You can parse only a set of document elements in a large xml document instead of parsing all the document elements. It may decrease the processing time. For example, the following code will return a collection with two documents ("1234", "4567").

    collection = SimpleBioc::from_xml(filename, {documents: ["1234", "4567"]})

No whitespace in output

By default, outputs of SimpleBioC::to_xml() will be formatted with whitespace. If you do not want this whitespace, you should pass 'save_with' option with 0 to the to_xml() function.

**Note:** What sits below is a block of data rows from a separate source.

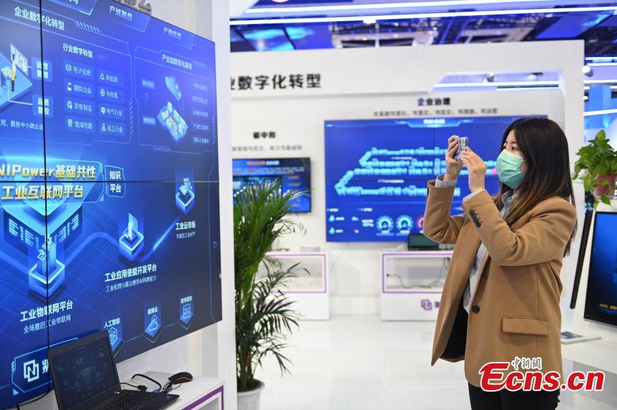 A visitor takes photos at the innovation achievements exhibition of the 2021 Global Industrial Internet Conference, Oct. 18, 2021. (Photo: China News Service/Yu Haiyang)
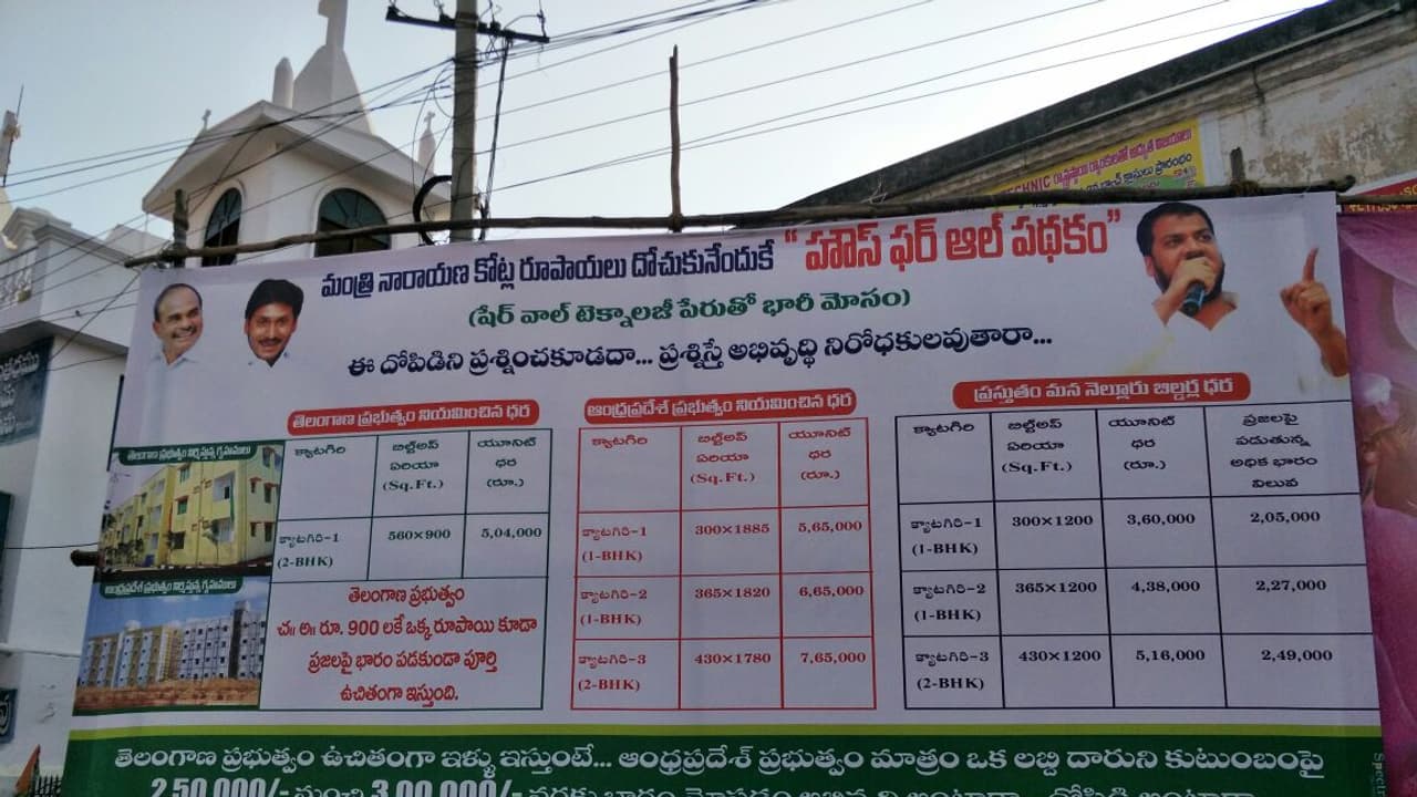 నెల్లూరు పట్టణంలో వెలసిన ఈ పోస్టర్ అందరినీ ఆకట్టుకుంటోంది. పేదలందరికీ ఇళ్ళు అనేక పథకంలో భాగంగా ప్రభుత్వం లక్షలాది ఇళ్ళను నిర్మించాలనుకుంది. అందుకు లబ్దిదారుల నుండి కూడా కొంత సొమ్మును కట్టించుకుంటోంది. కట్టాల్సిన డబ్బులు ఎక్కువుగా ఉందని లబ్దిదారులు మొత్తుకుంటున్నా ప్రభుత్వం పట్టించుకోవటం లేదు. తెలంగాణా అయినా ఏపిలో అయినా అమలు చేయాల్సింది ఒకే పథకం. పథకాన్ని అమలు చేయటంలో రెండు ప్రభుత్వాలు అనుసరిస్తున్న తీరు బోర్డును చూస్తే తెలిసిపోతుంది. మీరే చూడండి ఎంత వ్యత్యాసమో?
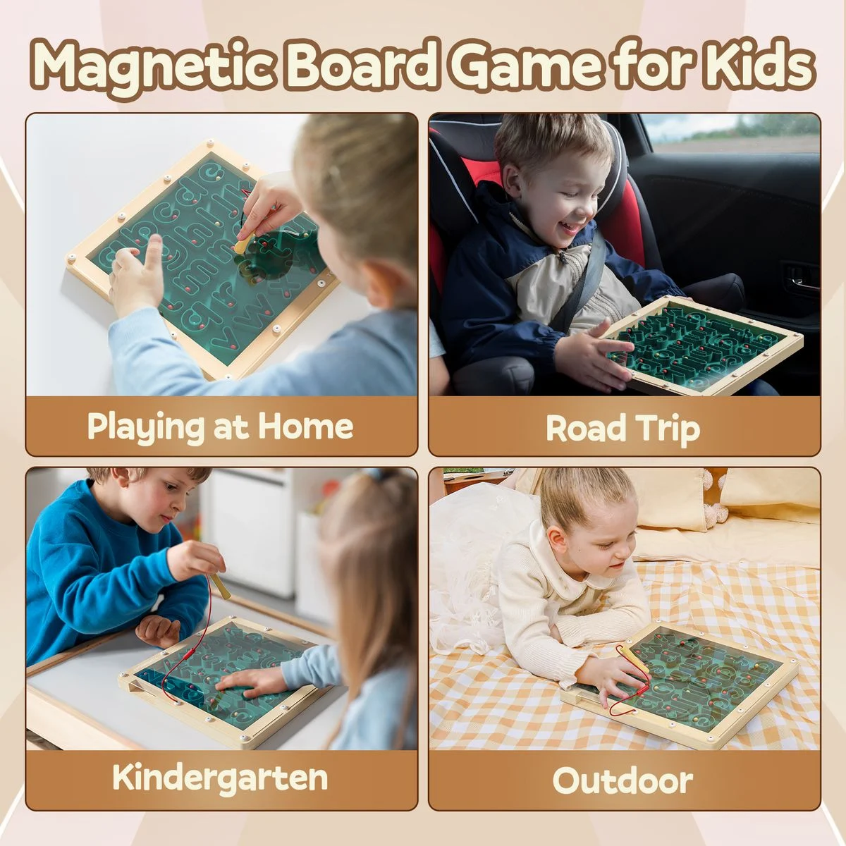 採用環保櫸木材質,表面塗有水性漆,安全無毒。 28×28公分的緊湊設計便於攜帶,密封的珠子設計確保不會散落。
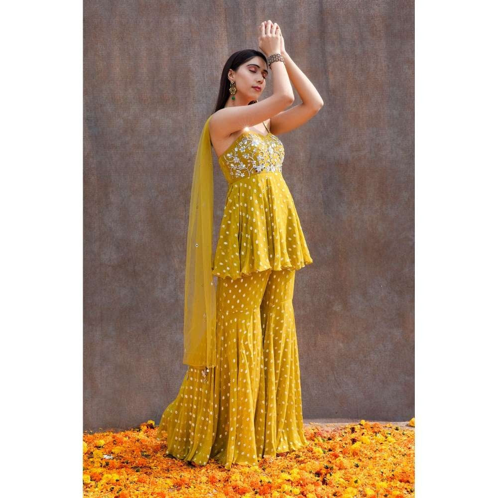 Pack Contains : 1 Peplum Top, 1 Sharara, 1 Dupatta
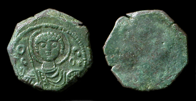 Justin IIand Sophia, 565-578 AD. Bronze half-follis, Thessalonica mint. D N IVSTINVS P P AVG, Justin at left, Sophia at right, seated facing on double-throne, both nimbate, Justin holding globus cruciger, Sophia holding scepter / large K, Q+C above, A/N/N/O to left, regnal year X to rt, TES below. 22 mm. #400: $45 SOLD
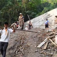 On 24/03/2019,we went to help at the site of construction at Sangye Migyur Ling Lhakhang located at phuntsholing. we carried metal pipes and planks from down valley to up at lhakhang which took more than half an hour to go back and fro.
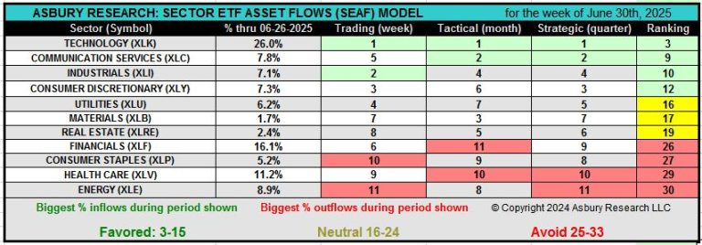This weekly video by Jack Kosar goes into more detail on the latest SEAF Model data via a heat map that provides more detail on where sector-related assets are going, and where they are leaving, in the 11 Sector SPDR ETFs. Jack also displays and discusses our SEAF “Rainbow Charts” highlighting SEAF’s past 12 months of Favored, Neutral, or Avoid rankings.
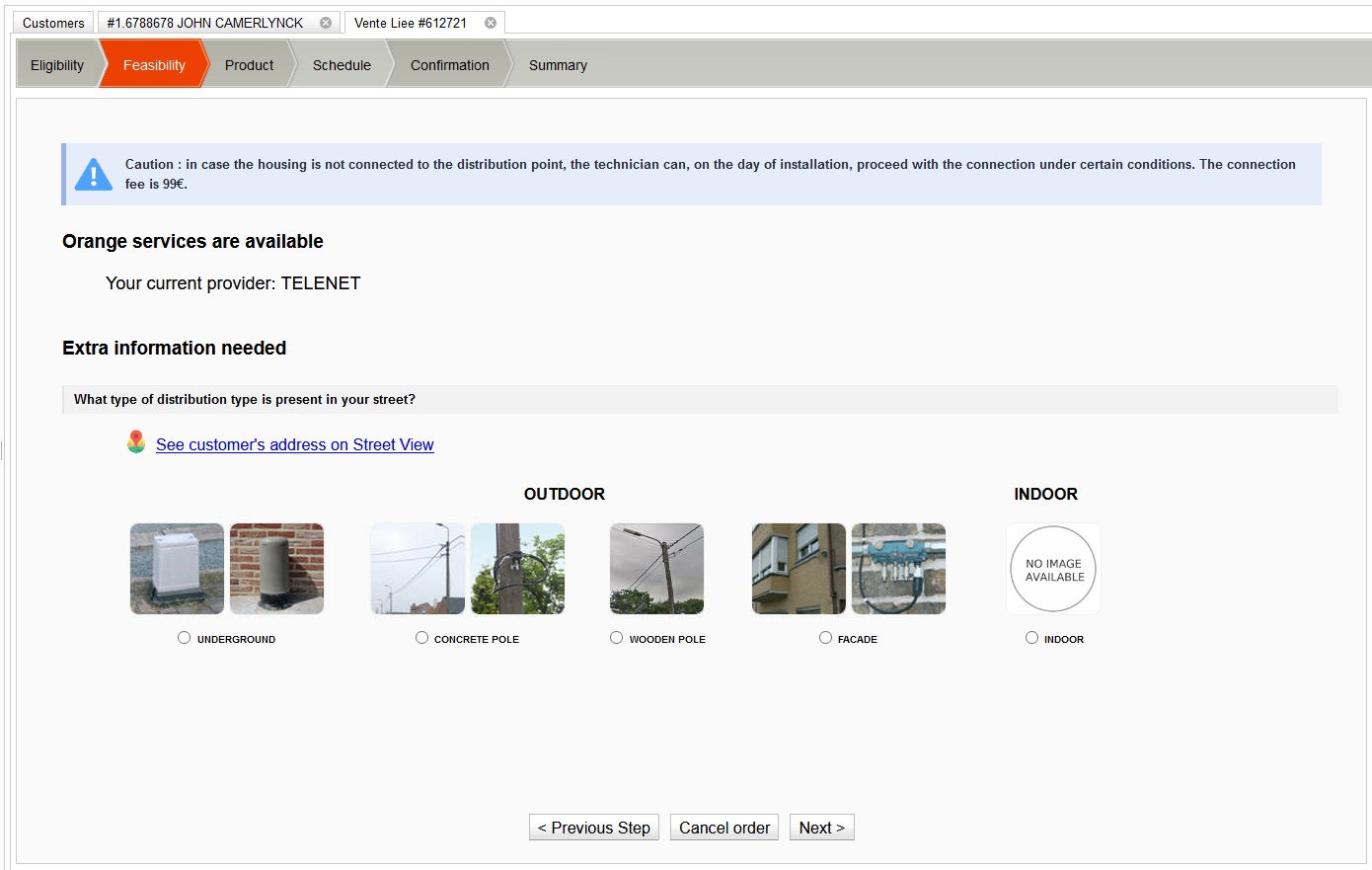 De volgende stap is het selecteren van het type kabelaansluiting in de straat bij de klant. Dit is belangrijk omdat de technieker in het geval van een betonnen paal of gevelaansluiting ervan op de hoogte wordt gebracht dat er een ladder meegenomen moet worden of in het geval van een houten paal er een hoogtewerker nodig is.

    puts SimpleBioC::to_xml(collection, {save_with:0})

Sample

More samples can be found in Samples directory

    require 'simple_bioc'

    # Sample1: parse, traverse, manipulate, and build BioC data
    require 'simple_bioc'
    
    # parse BioC file
    collection = SimpleBioC.from_xml("../xml/everything.xml")
    
    # the returned object contains all the information in the BioC file
    # traverse & read information
    collection.documents.each do |document|
      puts document
      document.passages.each do |passage|
        puts passage
      end
    end
    
    # manipulate 
    doc = SimpleBioC::Document.new(collection)
    doc.id = "23071747"
    doc.infons["journal"] = "PLoS One"
    collection.documents << doc
    
    p = SimpleBioC::Passage.new(doc)
    p.offset = 0
    p.text = "TRIP database 2.0: a manually curated information hub for accessing TRP channel interaction network."
    p.infons["type"] = "title"
    doc.passages << p
    
    
    # build BioC document from data
    xml = SimpleBioC.to_xml(collection)
    puts xml

Sample2: PubAnnotation Converter (convert_pubann.rb)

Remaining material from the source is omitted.